Consider a hash function that distributes keys uniformly. The hash table size is 20. After hashing of how many keys will the probability that any new key hashed collides with an existing one exceed 0.5?

To answer this question, we need to understand the concept of the Birthday Paradox, which is a probability theory. It states that the probability of at least two people sharing a birthday is more than 50% even in a small group of 23 people. This is because the number of possible pairs is not linear, but quadratic.

In the context of a hash table, the Birthday Paradox applies to hash collisions. A hash collision occurs when two different keys hash to the same index in an array.

Here's how we can calculate it:

1. The hash table size is 20, so there are 20 different "slots" a key can hash to.

2. When the first key is hashed, there are no existing keys, so the probability of collision is 0.

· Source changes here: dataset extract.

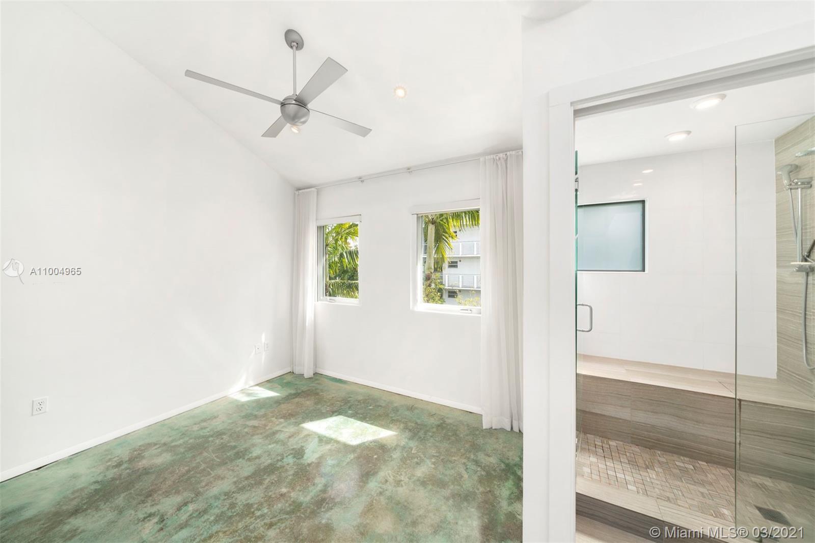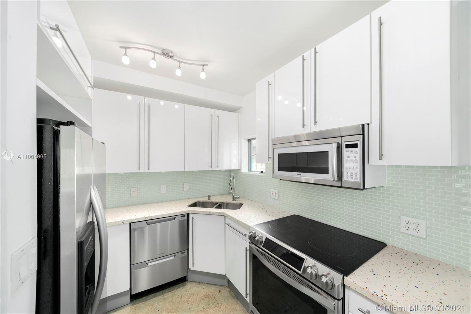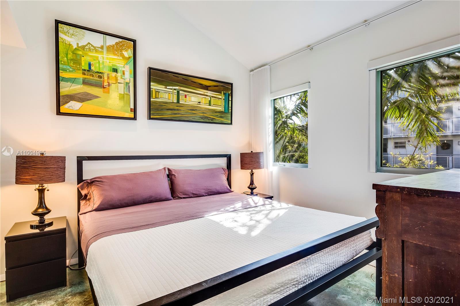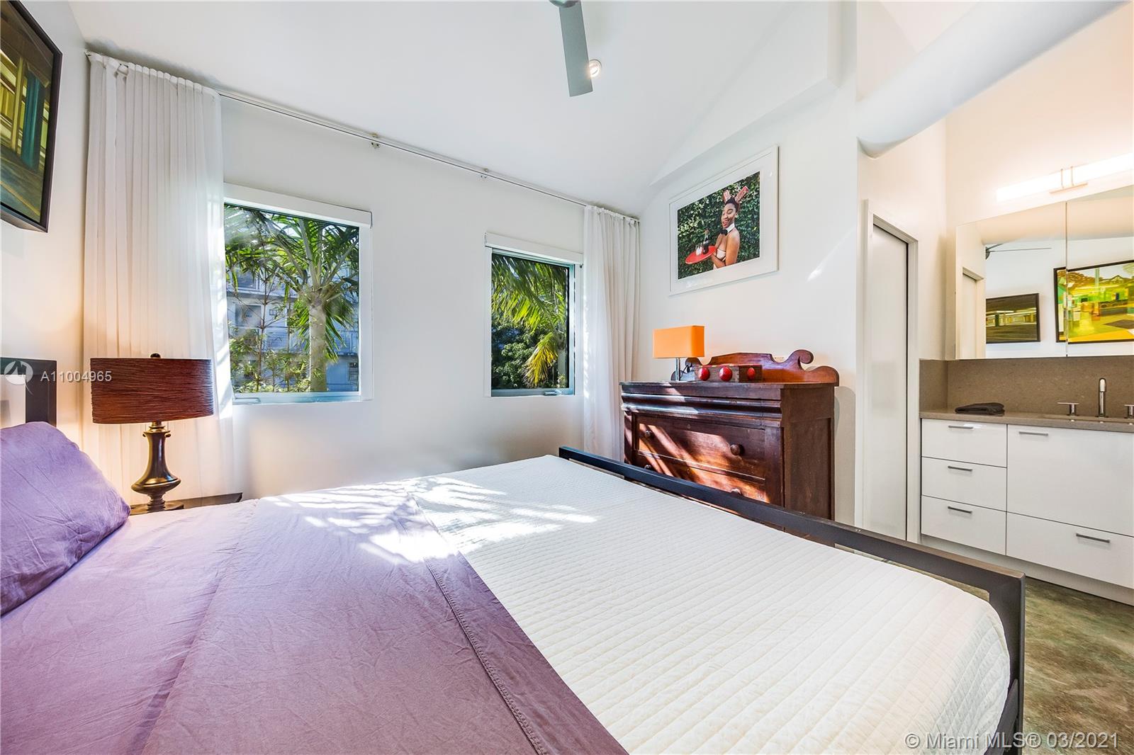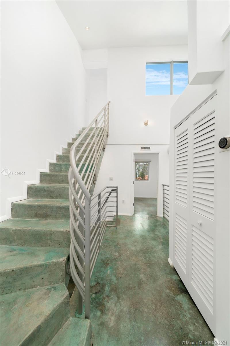 Modern living in the heart of south beach! This gorgeous 2 bedrooms, 2.5 baths, tri-level space boasts soaring 28' ceilings, complete with luxury finishes and appliances. The private rooftop terrace and balcony off the dining area provide ample outside enjoyment. Impact windows and beautifully stained concrete flooring throughout. Includes 1 covered assigned parking in a gated garage. Feel at home in this gated, quiet and secure building. Sunny, unbeatable location with low maintenance fees. Walk to Flamingo Park, the Beach, Lincoln Road, shops and restaurants. Publix, Total Wine and Whole Foods are just around the corner. This exclusive and private residence gives you the opportunity to enjoy luxury in a prime location without the hassle of high rise living.

3. When the second key is hashed, there is 1 existing key, so the probability of collision is 1/20.

4. For the third key, the probability of collision is 2/20, and so on.

5. We want to find out after how many keys the probability of collision exceeds 0.5. This means we need to solve for n in the equation n/20 > 0.5.

Solving for n gives us n > 10. However, since we can't hash a fraction of a key, we round up to the nearest whole number.

So, after hashing 11 keys, the probability that any new key hashed collides with an existing one will exceed 0.5.